Since Deepworlds offers robotic training examples in virtualized environments that depend on intense trial and error, it is preferable to run simulations on a remote (Headless) GPU sever that one might not have the ability to open X sessions. However, even on desktop OS variants, visual monitoring is costly and training is often conducted with no-render option for acceleration. In addition, different performance metrics and parameters are monitored and updated periodically through Tensorboard logging. In light of this, it becomes more convenient for learners and developers to periodically monitor agent training visually by logging not only scalars, but videos captured by a front camera mounted on the robot. As one might see, this feature opens the door for not only visual monitoring, but also for visual navigation using advances CNN-based RL models as well!

Here is an example video for the resulted visualization tab added to Tensorboard.

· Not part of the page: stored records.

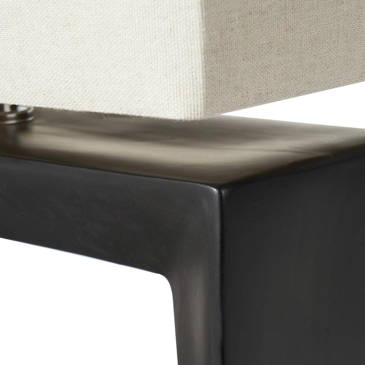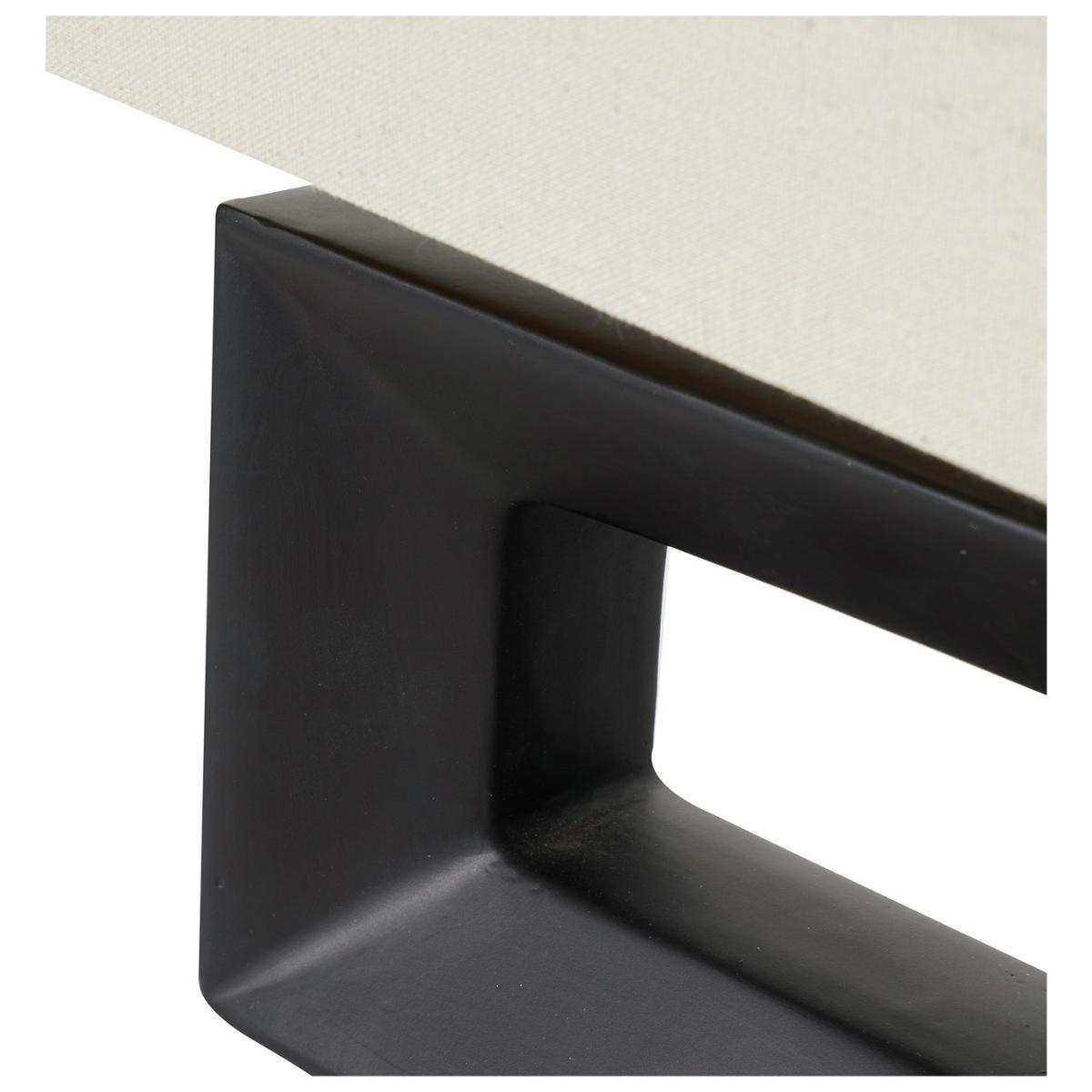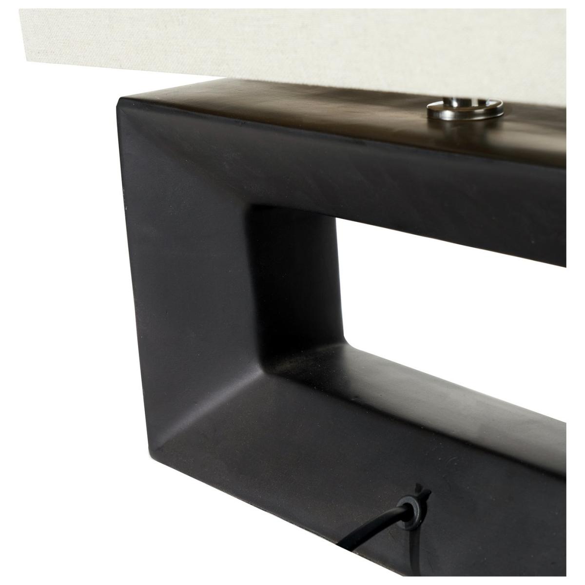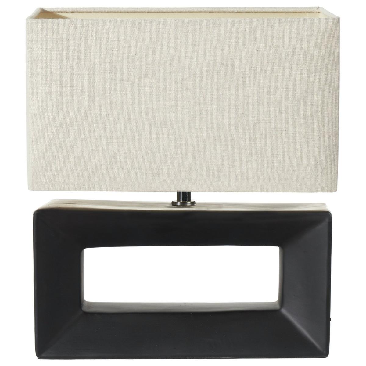 Modern meets retro design. Our quirky Block Black Table Lamp is the perfect feature lamp. The rectangular shape is uber-modern and the contrasting matt black ceramic base and neutral linen shade make this lamp bang on-trend. Dimensions: Overall size H35, W32, D16 cm. Diameter 32cm. Shade size H17, D32cm. Diameter of base 30cm. Cord length 2m. Bulb Information: Bulbs required 1 x candle E14 small edison screw LED bulb(s)(not included). General Information: Shade colour: cream. Base colour: black. Shade material: faux linen. Base material: ceramic. In-line switch. IP rating 20. App needed for use: No. Minimal assembly. Product is mains powered plug in. This lighting product is a class 2 fitting. Manufacturer's 1 year guarantee.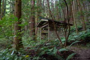 At the top of Kengamine 剣ケ峰 (876 m), reached via some washed-out wooden steps, stands the NHK radio relay station building. From the top, turn right and descend toward Shiroishi-toge 白石峠. At this intersecting pass there’s a covered rest area—a good spot to take a break before the final stretch.The last section back to Shiraishi-shako bus stop follows the Kanto Fureai Trail, which eventually joins a paved road. It takes about 40 minutes from Shiroishi-toge to reach the bus stop.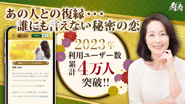 『寿寿-JUJU-』は、復縁や恋愛など、人間関係の悩みを抱えるあなたへ、専門家とチャットで相談できる恋愛相談アプリです。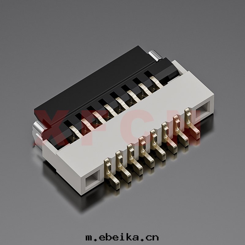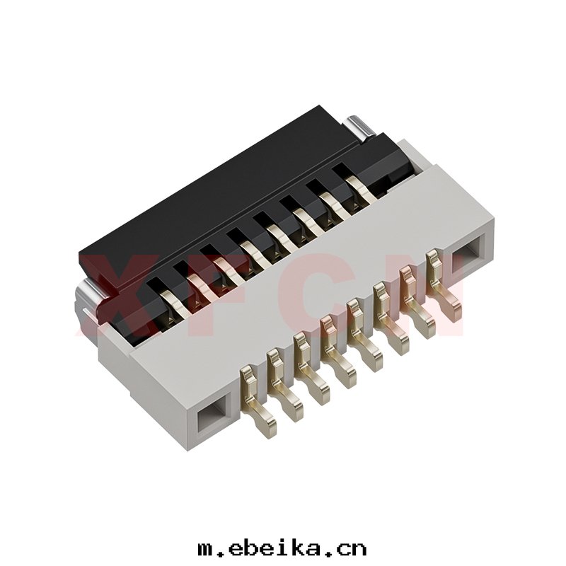 描述:FPC-0.5mm間(jiān)距,卧貼掀蓋式下(xià)接觸,08位,高(gāo)度(dù)1.0mm ,镀金(jīn)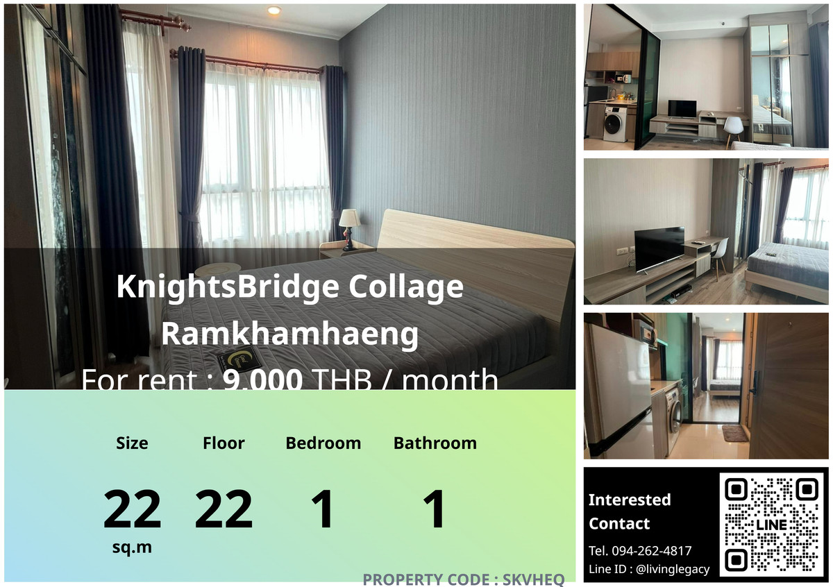 🏠 SKVHEQ Condo for rent KnightsBridge Collage Ramkhamhaeng 22 sq m, 22nd floor, 1 bedroom, 1 bathroom ✨ Ready to move in immediately! Beautiful room, fully decorated Ready to move in! 🔍Details - Number of bedrooms: 1 - Number of bathrooms: 1 - Usable area (sq m): 22 - Floor: 22 🌟 Highlight of this room! 🌟 🌟Various amenities 📞 Hurry and reserve now! Ask for more details Price 9000 baht Property code: SKVHEQ If interested, contact Add Line ID: @livinglegacy Facebook: LivingLegacy WhatsApp: https://wa.me/ Contact number Interested in other rooms in the project, click: https://living-legacy.atrobot.asia/property-listing/668d2b9fbe0e547fa057d133 #KnightsBridgeCollageRamkhamhaeng #hospitalBangkok #Panda Clinic #RamkhamhaengHospital #FacultyofScienceTec hnology #TawannaMarket #PSBCompanyLimited #CompanyTwoWayRadioCommunicationsLimited #GraduateSchoolofCounselingPsychology #OfficeofBiotechnology #DoctorialProgramtheCatholicUniversityofLeuven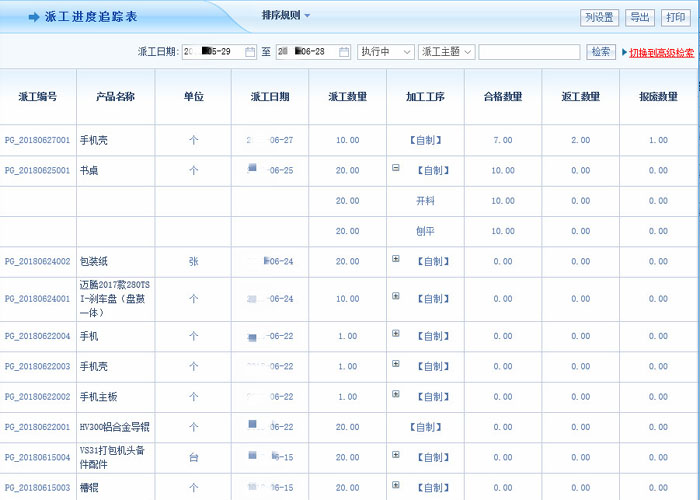 智邦国际ERP系统派工进度追踪表

Changes (find_and_avoid_v2_robot_supervisor.py):

add camera device to FindAndAvoidV2RobotSupervisor __init__:

# Camera setup
# Add a camera device to capture frames
self.camera = self.getDevice("camera")  # Ensure you have a camera device named "camera" in your Webots world

implement render function in FindAndAvoidV2RobotSupervisor class:

    def render(self, mode='rgb_array'):
        '''
        We expect `render()` to return a uint8 array with values in [0, 255] or a float array
        with values in [0, 1], also the shape of image must be (channel, hight, width)
        '''
        if mode == 'rgb_array':
            # Capture the current frame from the camera
            frame_str = self.camera.getImage()      # Do NOT use getImageArray()
            H, W = self.camera.getHeight(), self.camera.getWidth()                
            frame = np.zeros(shape=(3, H, W), dtype=np.uint8)
            if frame_str is not None:                
                for x in range(W):
                    for y in range(H):
                        frame[0][y][x] = self.camera.imageGetRed(frame_str, W, x, y)
                        frame[1][y][x] = self.camera.imageGetGreen(frame_str, W, x, y)
                        frame[2][y][x] = self.camera.imageGetBlue(frame_str, W, x, y)
            return frame
        
        elif mode == 'human':
            # Display the frame in a window (optional, requires OpenCV or similar)
            frame = self.render(mode='rgb_array')
            if frame is not None:
                import cv2
                cv2.imshow("Webots Simulation", frame)
                cv2.waitKey(1)
        else:
            raise NotImplementedError(f"Render mode '{mode}' is not supported.")

Changes (training.py):

1- Import Video from logger:

from stable_baselines3.common.logger import HParam, Video

2- Add necessary variables to AdditionalInfoCallback class:
add in the constructor:

        self.frames = []  # List to store frames for GIF creation
        self.episode_cnt = 1
        self.record = False
        self.render_interval=render_interval

3- Implement the on_step() event handler to record frames periodically:

if self.env.done:
            if self.episode_cnt % self.render_interval == 0:
                self.env.camera.enable(self.env.timestep * 10) # basic time step = 32
                self.record = True
            else:
                self.env.camera.disable()
                self.record = False
            self.episode_cnt+=1
            self.frames = []
            print(f'Starting Episode {self.episode_cnt} ...')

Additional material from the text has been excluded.